A man is sitting in an airliner which is about to take off when a man in a uniform and a Labrador Retriever sits down beside him. The passenger looks quizzically at the dog, and the official explains that they both work for the airline. Don't mind Sniffer. He's a sniffing dog, the best there is! I'll show you once we get airborne." The plane takes off and the handler says to the passenger, "Watch this. Sniffer search! Sniffer jumps down, walks along the aisle, and sits next to a woman for a few seconds. He then returns to his seat and puts one Paw on the handler's arm. He says, Good boy. The airline rep turns to the first man and says, That woman Is in possession of marijuana, so I'm making a note of the isle and seat number of that passenger. Fantastic! replies the first man. Once again the rep sends Sniffer to search the aisles. He sniffs about, sits down beside a man for a few seconds, returns to its seat, and places two paws on the handler's arm. The rep says, "That man is carrying cocaine, so again I'm making a note of this and the seat number. I like it! says the first man. A third time the rep sends Sniffer to search the aisles. Sniffer goes up and down the plane and after a while sits down next to someone. He then comes racing back, jumps up onto his seat, and poops a load on the floor. The passenger is grossed out. What the hell is going on with this dog? The handler nervously replies, He just found a bomb.


----------



## toruonu

A latvian airplane is traveling from Riga to Tallinn and the captain and first officer are enjoing the flight as usual while autopilot takes care of the mid-flight todos. While approaching the Tallinn airport they look out of the window to prepare for the landing and the captain screams: "That's a hellava small airfield, we really have to push the limits this time" so they drop down fast to lose altitude, hit flaps to maximum, airbrakes to maximum, last minute nose up and immediately at touchdown engange all possible brakes. They manage to stop just 2cm short of the other side of the runway. 

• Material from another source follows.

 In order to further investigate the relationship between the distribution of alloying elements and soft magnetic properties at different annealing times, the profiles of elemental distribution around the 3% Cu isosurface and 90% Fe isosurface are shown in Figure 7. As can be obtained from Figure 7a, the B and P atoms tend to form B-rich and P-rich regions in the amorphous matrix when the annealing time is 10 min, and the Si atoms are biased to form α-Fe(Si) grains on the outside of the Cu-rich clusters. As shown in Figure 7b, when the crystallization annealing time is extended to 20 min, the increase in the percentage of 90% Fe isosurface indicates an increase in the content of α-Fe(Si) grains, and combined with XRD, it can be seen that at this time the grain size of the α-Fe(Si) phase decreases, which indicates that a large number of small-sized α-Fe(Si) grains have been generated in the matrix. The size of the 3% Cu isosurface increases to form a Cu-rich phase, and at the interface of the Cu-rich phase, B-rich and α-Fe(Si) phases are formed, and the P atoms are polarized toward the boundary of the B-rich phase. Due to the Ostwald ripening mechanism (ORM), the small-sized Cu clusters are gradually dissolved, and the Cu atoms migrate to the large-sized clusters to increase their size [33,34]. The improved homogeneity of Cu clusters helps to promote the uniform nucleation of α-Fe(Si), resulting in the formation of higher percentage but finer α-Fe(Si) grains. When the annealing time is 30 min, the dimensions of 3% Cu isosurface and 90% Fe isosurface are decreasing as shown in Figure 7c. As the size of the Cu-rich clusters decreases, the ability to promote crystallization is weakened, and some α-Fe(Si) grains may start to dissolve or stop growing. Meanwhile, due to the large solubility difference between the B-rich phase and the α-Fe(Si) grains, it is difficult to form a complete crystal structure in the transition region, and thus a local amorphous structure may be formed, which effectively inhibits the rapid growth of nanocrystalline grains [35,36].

So they take a good deep breath while the captain looks out the windows and exclaims: "This is probably the shortes airfield ever built anywhere" to which the first officer replies looking out the window: "And probably the widest as well..."


----------



## jadin

Joe and Dave are hunting when Dave keels over. Frantic Joe dials 911 on his cell phone and blurts, "My friend just dropped dead! What should I do?"

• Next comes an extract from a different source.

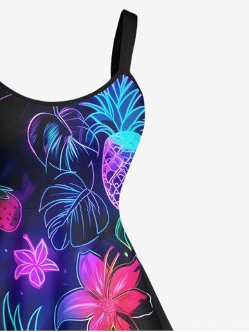 Robe D'Entraînement Cerise Fleur et Feuille Tropicale Imprimées de Grande Taille - Noir - Noir

A soothing voice at the other end says "Don't worry, I can help. First, let's make sure he's really dead."

After a brief silence, the operator hears a shot. Then Joe comes back to the phone. "Okay," he says nervously to the operator. "What do I do next?"


----------



## jstuedle

A blonde reports for her university final exam which consists of mainly true and false questions. She takes her seat in the examination hall, stares at the question paper for five minutes, and then in a fit of inspiration takes her purse out, removes a coin and starts tossing the coin and marking the answer sheet: true for heads and false for tails. Within thirty minutes she is all done, whereas the rest of the class is still working furiously. During the last few minutes, she is seen desperately throwing the coin, swearing and sweating. The moderator, alarmed, approaches her and asks what is happening. I finished the exam in a half hour, she replies. Now I'm rechecking my answers.


----------



## jadin

Eddie took his girlfriend to her first football game. They had great seats right behind their team's bench. After the game, he asked her how she liked the experience.

"It was great, especially the tight pants and all the big muscles," she said. "But I just can't understand why they were killing each other over 25 cents."

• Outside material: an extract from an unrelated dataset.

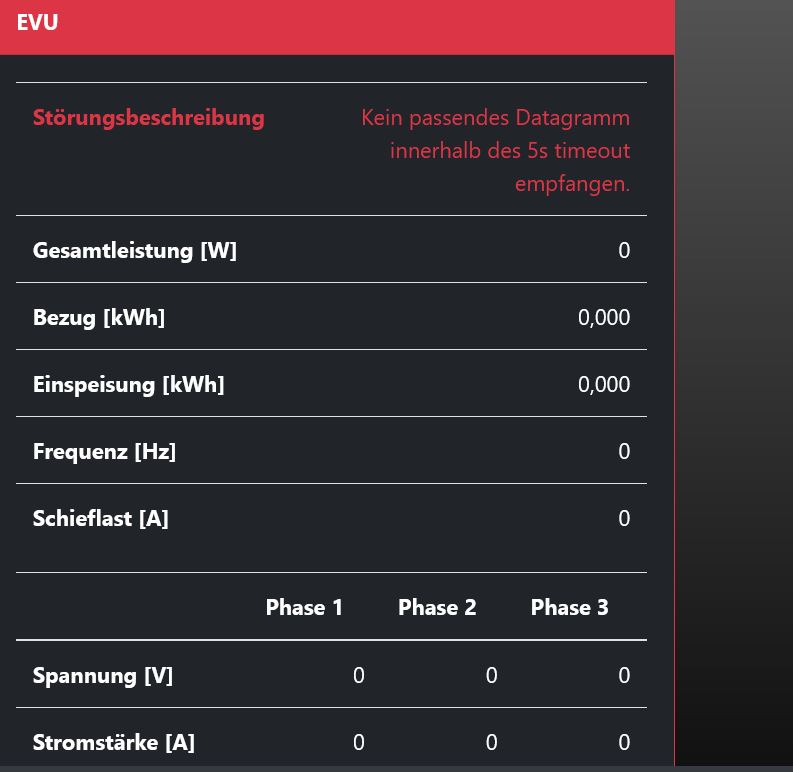 Im Statuts der openWB habe ich unter EVU folgende Meldung:

"What do you mean?" Eddie asked, dumbfounded.

"Well, I saw them flip a coin, and one team got it," she explained. "And then for the rest of the game, all they kept screaming was, 'Get the quarterback! Get the quarterback!' Hel-lllo! It's only 25 cents."


----------



## jstuedle

*Make sure your read the script below.... * 


​​*http://www.pbase.com/jstuedle/image/52335235

*

*We Is Friends!* 
*
Me And You Is* 
*Friends *
*
You Smile, I Smile *
*
You Hurt, I Hurt *
*
You Cry, I Cry *
*
You Jump Off A Bridge *
*

I Gonna Miss Your E-Mails *​


----------



## Corry

That is one of the cutest pictures! Awwwww!


----------



## Alison

jadin said:
			
		

> Eddie took his girlfriend to her first football game. They had great seats right behind their team's bench. After the game, he asked her how she liked the experience.
> 
> "It was great, especially the tight pants and all the big muscles," she said. "But I just can't understand why they were killing each other over 25 cents."
> 
> "What do you mean?" Eddie asked, dumbfounded.
> 
> "Well, I saw them flip a coin, and one team got it," she explained. "And then for the rest of the game, all they kept screaming was, 'Get the quarterback! Get the quarterback!' Hel-lllo! It's only 25 cents."




 :lmao:


----------



## jstuedle

How to maintain a health level of insanity in the workplace


Find out where your boss shops and buy exactly the same outfits. Wear them one day after your boss does. This is especially effective if your boss is of a different gender than you. 
Make up nicknames for all your coworkers and refer to them only by these names. That's a good point, Sparky. No, I'm sorry, but I'm going to have to disagree with you there, Cha-cha." 
Send e-mail to the rest of the company telling them exactly what you're doing. For example: If anyone needs me, I'll be in the bathroom. 
Hi-Lite your shoes. Tell people you haven't lost them as much since you did this. 
While sitting at your desk, soak your fingers in Palmolive liquid. Call everyone Madge. 
Hang mosquito netting around your cubicle. When you emerge to get coffee or a printout or whatever, slap yourself randomly the whole way. 
Put a chair facing a printer. Sit there all day and tell people you're waiting for your document. 
Every time someone asks you to do something, anything, ask him or her if they want fries with that.
Send e-mail back and forth to yourself engaging yourself in an intellectual debate. Forward the mail to a co-worker and ask her to settle the disagreement. 
Encourage your colleagues to join you in a little synchronized chair-dancing. 
Put your trash can on your desk. Label it IN. 
Feign an unnatural and hysterical fear of staplers.
Send e-mail messages saying there's free pizza or donuts or cake in the lunchroom. When people drift back to work complaining that they found none, lean back, pat your stomach and say, Oh you've got to be faster than that. 
Put decaf in the coffee maker for three weeks. Once everyone has withdrawn from caffeine addiction, switch to espresso.


----------



## Andrea K

jstuedle said:
			
		

> How to maintain a health level of insanity in the workplace
> 
> 
> Find out where your boss shops and buy exactly the same outfits. Wear them one day after your boss does. This is especially effective if your boss is of a different gender than you.
> *Make up nicknames for all your coworkers and refer to them only by these names. That's a good point, Sparky. No, I'm sorry, but I'm going to have to disagree with you there, Cha-cha." *
> *Send e-mail to the rest of the company telling them exactly what you're doing. For example: If anyone needs me, I'll be in the bathroom. *
> *Hi-Lite your shoes. Tell people you haven't lost them as much since you did this. *
> While sitting at your desk, soak your fingers in Palmolive liquid. Call everyone Madge.
> Hang mosquito netting around your cubicle. When you emerge to get coffee or a printout or whatever, slap yourself randomly the whole way.
> *Put a chair facing a printer. Sit there all day and tell people you're waiting for your document. *
> Every time someone asks you to do something, anything, ask him or her if they want fries with that.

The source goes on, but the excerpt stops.